In example 3, correspondingly 7 ml of a chelate resin are loaded in
the sodium form ((Dowex.RTM. A-1, Unitika UR 10, 30-50 mesh).
[0051] The iron-doped ion exchangers in filtration units, for
example cartridges, are used according to the invention in the
purification of liquids, in particular for removing heavy metals. A
preferred use in this technical field is the decontamination of
water, in particular of drinking water. Very recently, particular
attention is being paid to the removal of arsenic from drinking
water. The inventive iron-doped ion exchangers are outstandingly
suitable for this, since even the low limit values established by
the US authority EPA can not only be maintained, but even undershot
by using the inventive devices having iron-doped ion
exchangers.
[0052] For this, the iron-doped ion exchangers can be used in
conventional devices as are already used, e.g. charged with
activated carbon, for removing pollutants of other types. A batch
operation, for example in cisterns or similar containers, which if
appropriate are equipped with stirrers, is actually possible but
use in continuously operated plants such as through-flow adsorbers
is preferred.
[0053] Since raw water to be treated to give drinking water
customarily also contains organic impurities such as algae and
similar organisms, the surface of ion exchangers is coated during
use with generally slimy deposits which impede or even prevent the
ingress of water and thus the adsorption of constituents to be
removed. For this reason, the filtration units are backwashed with
water from time to time, which is preferably carried out at times
of low water consumption on individual devices taken out of
operation. In this operation the resin is swirled up and as a
result of the associated mechanical stress of the surface, the
unwanted deposit is removed and discharged against the direction of
flow in use. The wash water is customarily fed to a sewage
treatment plant. In this case the inventive iron-doped ion
exchangers prove very particularly useful, since their high
strength makes possible cleaning in a short time, without
significant losses of ion-exchange material being recorded, or the
backwash water recycled to the waste water being highly polluted
with heavy metals.
[0054] By means of a suitable prefilter and postfilter, the
contaminants which could plug the filtration unit are retained.

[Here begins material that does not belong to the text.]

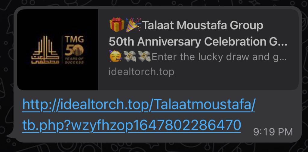 وأعلنت مجموعة طلعت مصطفي عدم مسؤوليتها عن هذا اللينك المزيف، وتشدد على أنها لا ترسل أي لينكات، وأن أي دعاية أو إعلانات خاصة بالشركة يتم نشرها فقط على موقعها الرسمي وعبر الصفحات الرسمية للشركة.
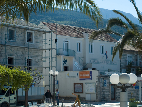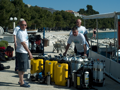 Die Basis wird vom Deutschen Sebastian und seiner Frau Maja geführt und liegt direkt im Yachthafen von Tucepi. Dort sind genügend Parkplätze direkt an der Uferpromenade vorhanden - zumindest jetzt in der Vorsaison-Zeit, und so waren für uns kurze Wege garantiert. Bereits am Anreiseabend konnten wir noch den Checkin auf der Basis machen; es wurde der Papierkram erledigt, die Logbücher und die tauchärztliche Untersuchung geprüft, und die Einweisung in die Abläufe der Basis gegeben. Wegen möglicher Kontrollen durch die Küstenwache achtet Sebastian streng darauf, dass am Morgen vor der Abfahrt des Tauchbootes eine Liste der gemeldeten Tauchgäste vorbereitet werden kann - Anmeldungen zum Tauchen sollten daher zuverlässig am Vorabend erfolgen.

[0055] The material abrasion is minimized by the stability of the
ion exchangers and by suitable packing of the same.
[0056] Since the iron-doped ion exchangers are free from foreign
binders, the material after use is relatively simple to dispose of,
however, it can also be regenerated. For instance, the adsorbed
arsenic can be removed chemically, e.g. by treatment with
concentrated sodium hydroxide solution, and the ion exchanger is
recovered as a clean material which can either be recycled for the
purpose of the same application, or incinerated. Depending on
application and legal provisions, the ion exchanger which is
polluted with heavy metals and exhausted can be fed to a use when
the heavy metals withdrawn from the drinking water are permanently
immobilized in this manner and removed from the water cycle.
EXAMPLES
Example 1
[0057] Purolite C-145, a macroporous cation exchanger, is produced
as in Sengupta et al., Ion Exchange at the Millennium, 142-149
(2000) by means of submicron hydrated iron oxide particles by, in a
first stage, charging the cation exchanger in an acidic medium with
iron III ions on the sulfonic acid functionalities. In a second
stage, the desorption of Fe III and simultaneous precipitation of
Fe III hydroxide within the pores of the ion exchanger is carried
out, and in a third stage, the resin is washed with ethanol and
treated with gentle heat.
[0058] The resin is charged at 11.6% Fe.
[0059] This resin is packed into a device according to FIG. 2a and
flushed with an aqueous solution which contains 280 ppb of arsenic
ions. The arsenic is bound to the resin as
H.sub.2AsO.sub.4.sup..THETA..
[0060] On exit, the aqueous solution contains 5 ppb of arsenic,
i.e. the arsenic was virtually quantitatively removed from the
aqueous solution.
Example 2
[0061] Lewatit.RTM.TP 207, a macroporous cation exchanger
functionalized by chelating iminodiacetic acid groups having a
particle size <0.5 mm is converted into the acid form by means
of 0.1 molar HCl and packed into a glass column. In this the resin
is first washed to pH=5 by deionized water and finally set to
pH=2.5 by HCl. Then, from the top a 0.1 molar Fe.sup.3+ solution
(FeCl.sub.3.6H.sub.2O; pH 2.0) is added in portions onto the resin.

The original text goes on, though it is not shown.